Let’s look at some of the evidence.

§ 212. Citizens and natives.
The citizens are the members of the civil society; bound to this society by certain duties, and subject to its authority, they equally participate in its advantages. The natives, or natural-born citizens, are those born in the country, of parents who are citizens. As the society cannot exist and perpetuate itself otherwise than by the children of the citizens, those children naturally follow the condition of their fathers, and succeed to all their rights. The society is supposed to desire this, in consequence of what it owes to its own preservation; and it is presumed, as matter of course, that each citizen, on entering into society, reserves to his children the right of becoming members of it. The country of the fathers is therefore that of the children; and these become true citizens merely by their tacit consent. We shall soon see whether, on their coming to the years of discretion, they may renounce their right, and what they owe to the society in which they were born. I say, that, in order to be of the country, it is necessary that a person be born of a father who is a citizen; for, if he is born there of a foreigner, it will be only the place of his birth, and not his country.
-Emer Vatell (English language version, 1797) (original version 1758)

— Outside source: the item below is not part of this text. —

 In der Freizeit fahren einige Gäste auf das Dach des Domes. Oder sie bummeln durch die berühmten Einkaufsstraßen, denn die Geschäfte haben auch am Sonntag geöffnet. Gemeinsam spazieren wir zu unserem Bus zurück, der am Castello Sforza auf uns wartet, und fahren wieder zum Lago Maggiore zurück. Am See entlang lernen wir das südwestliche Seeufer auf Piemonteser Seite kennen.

I am much obliged by the kind present you have made us of your edition of Vattel. It came to us in good season, when the circumstances of a rising state make it necessary frequently to consult the law of nations. Accordingly that copy, which I kept, (after depositing one in our own public library here, and sending the other to the College of Massachusetts Bay, as you directed,) has been continually in the hands of the members of our Congress, now sitting, who are much pleased with your notes and preface, and have entertained a high and just esteem for their author. Your manuscript "Idee sur le Gouvernement et la Royaute" is also well relished, and may, in time, have its effect. I thank you, likewise, for the other smaller pieces, which accompanied Vattel.
-Ben Franklin (December 9, 1775), \
Letter 459: Benjamin Franklin to Charles William Frederic Dumas


My dear Friend,
Philada. Mar. 24. 1776 Inclos'd is an Answer to the Request from the Inhabitants of Dartmouth. I have comply'd with it upon your Recommendation, and ordered a Post accordingly. (1) I have put into Mr Adam's Hands directed for you, the new Edition of Vattel When you have perus'd it, please to place it in your College Library. (2) I am just setting out for Canada, and have only time to add my best Wishes of Health & Happiness to you & all yours. Permit me to say my Love to Mrs Bowdoin, & believe me ever, with sincere & great Esteem, Yours most affectionately B Franklin
-Ben Franklin (March 24, 1776),
Letter 454: Benjamin Franklin to James Bowdoin



Qu:1. Can an American citizen, adult, now inherit lands in England?

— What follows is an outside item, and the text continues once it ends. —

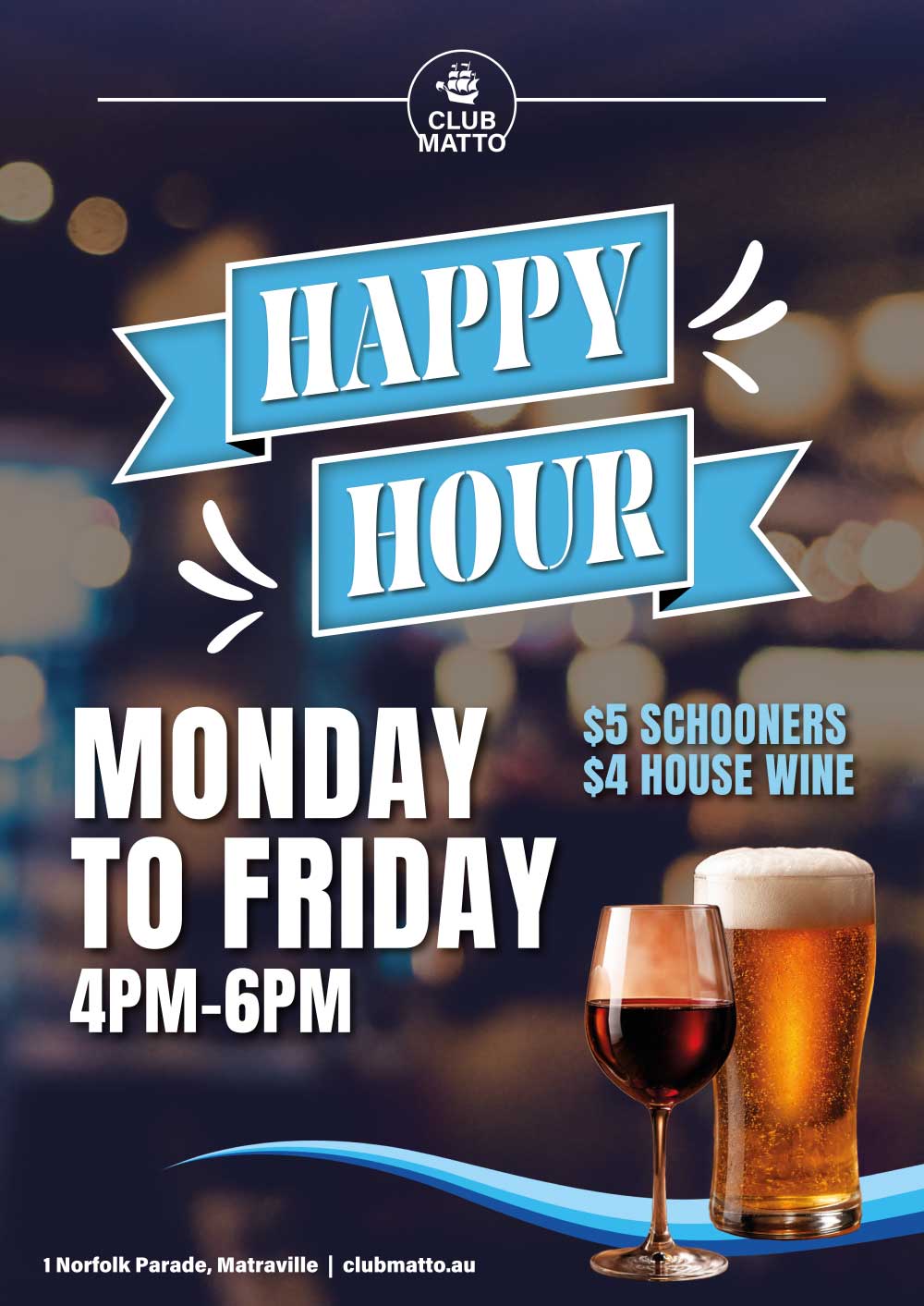 $5 SCHOONERS | $4 HOUSE WINE | $10 COCKTAILS (Sunday only) Monday – Friday @ 4pm-6pm Sat @ 1pm-6pm | Sun @ 5pm-7pm

Natural subjects can inherit – Aliens cannot. There is no middle character -- every man must be the one or the other of these.
A Natural subject is one born within the king's allegiance & still owing allegiance. No instance can be produced in the English law, nor can it admit the idea of a person's being a natural subject and yet not owing allegiance.
An alien is the subject or citizen of a foreign power.
- Thomas Jefferson (1783), Letter 151: Jefferson Notes,


Permit me to hint, whether it would not be wise & seasonable to provide a strong check to the admission of Foreigners into the administration of our national Government; and to declare expressly that the Command in chief of the American army shall not be given to, nor devolve on, any but a natural born Citizen.
-John Jay (July 25, 1787 ) to George Washington


The common sense of this was immediately and unanimously incorporated into our Constitution. It cannot be said that this was without debate, there were a few who initially thought that excluding naturalized citizens might limit the number of affluent people with money to come to and invest in the new country. This small minority was afraid that the rich would not immigrate if their opportunities were limited. The fact that there was debate is significant because it signifies that this provision was not slipped into the Constitution, in the late hours of the night.

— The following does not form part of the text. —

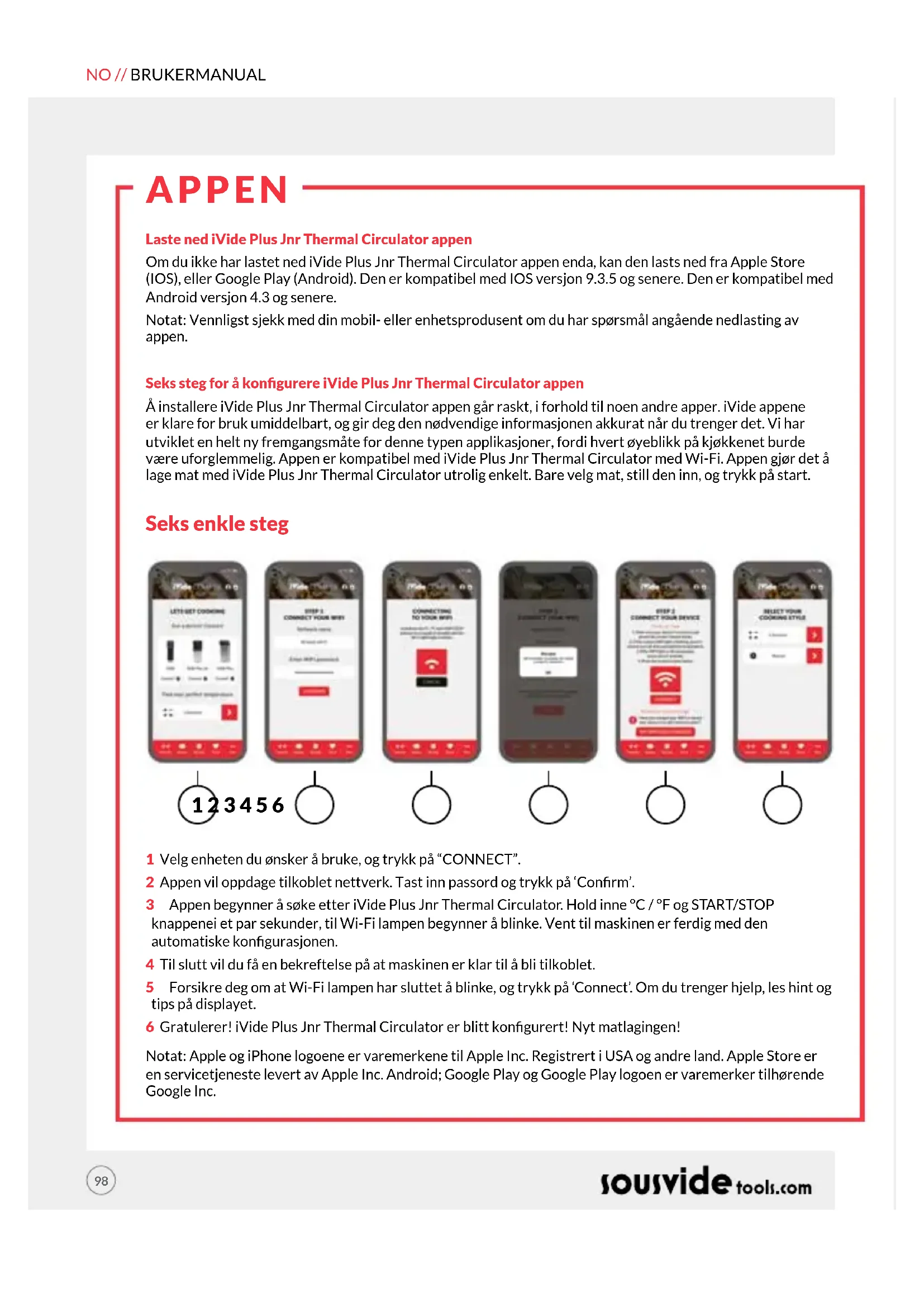- I arbeidsmodus vises gjenstående tid NO // BRUKERMANUAL97 PRODUKTSTRUKTUR NO // BRUKERMANUAL Kontrollpanel Håndter festeplaten Quick release skrue Vannuttak Front hoveddel Rør av rustfritt stål Vanninntak Bakre hoveddel Fast håndtak Håndtak98 APPEN Laste ned iVide Plus Jnr Thermal Circulator appen Om du ikke har lastet ned iVide Plus Jnr Thermal Circulator appen enda, kan den lasts ned fra Apple Store (IOS), eller Google Play (Android). Den er kompatibel med IOS versjon 9.3.5 og senere. Den er kompatibel med Android versjon 4.3 og senere. Notat: Vennligst sjekk med din mobil- eller enhetsprodusent om du har spørsmål angående nedlasting av appen. Seks steg for å kongurere iVide Plus Jnr Thermal Circulator appen Å installere iVide Plus Jnr Thermal Circulator appen går raskt, i forhold til noen andre apper. iVide appene er klare for bruk umiddelbart, og gir deg den nødvendige informasjonen akkurat når du trenger det. Vi har utviklet en helt ny fremgangsmåte for denne typen applikasjoner, fordi hvert øyeblikk på kjøkkenet burde være uforglemmelig. Appen er kompatibel med iVide Plus Jnr Thermal Circulator med Wi-Fi. Appen gjør det å lage mat med iVide Plus Jnr Thermal Circulator utrolig enkelt. Bare velg mat, still den inn, og trykk på start. Seks enkle steg 1 Velg enheten du ønsker å bruke, og trykk på “CONNECT”. 2 Appen vil oppdage tilkoblet nettverk. Tast inn passord og trykk på ‘Conrm’. 3 Appen begynner å søke etter iVide Plus Jnr Thermal Circulator. Hold inne °C / °F og START/STOP knappenei et par sekunder, til Wi-Fi lampen begynner å blinke. Vent til maskinen er ferdig med den automatiske kongurasjonen. 4 Til slutt vil du få en bekreftelse på at maskinen er klar til å bli tilkoblet. 5 Forsikre deg om at Wi-Fi lampen har sluttet å blinke, og trykk på ‘Connect’. Om du trenger hjelp, les hint og tips på displayet. 6 Gratulerer! iVide Plus Jnr Thermal Circulator er blitt kongurert! Nyt matlagingen! Notat: Apple og iPhone logoene er varemerkene til Apple Inc. Registrert i USA og andre land. Apple Store er en servicetjeneste levert av Apple Inc. Android; Google Play og Google Play logoen er varemerker tilhørende Google Inc.

If they choose as a requirement for President for themselves, proven loyalty, and what they would choose for the next generation of Presidents would be “natural loyalty.” A persons place in life comes from ones parents. This concept is found in nature, it is self-evident. Nature claims kinship, our most primitive and natural form of citizenship, from blood, while nations claim citizens from the soil, or their place of birth. They decided that the best way to protect the integrity of the office of President of the United States was a combination of the two.

Article. II.
Section. 1.
No Person except a natural born Citizen, or a Citizen of the United States, at the time of the Adoption of this Constitution, shall be eligible to the Office of President; neither shall any Person be eligible to that Office who shall not have attained to the Age of thirty five Years, and been fourteen Years a Resident within the United States.
-US Constitution (adopted September 17, 1787) Article II, Section 1, Clause 5


There are some interesting phrases here that all have significance to the mindset of the Founding Fathers. The key phrase here is, “a natural born citizen,” as opposed to “a native born citizen,” “naturalized” or even “a citizen.” Before we look at what “a natural born citizen” is, let’s look at the other phrases, so the clear meaning of a Natural Born Citizen becomes clear.

Looking at the text of the Constitution there was a small window of opportunity for a class of citizens, who were just simply “a citizen” to become the President. This Grandfather clause expired with the death of the last citizen born before June 22, 1788.

or a citizen of the United States, at the time of the adoption of this Constitution,


Considering that all of the Founding Fathers were at least on July 4, 1776, British subjects, they needed to include themselves as possible Presidential candidates. These “original citizen” Presidents included, George Washington, John Adams, Thomas Jefferson, James Madison, James Monroe, John Quincy Adams, Andrew Jackson and the last “original citizen” President was William Henry Harrison.

If they had not included themselves, then the age requirement included in the qualifications for President would mean that America would have to wait until July 4, 1811 for the first “natural born citizen” to come of age.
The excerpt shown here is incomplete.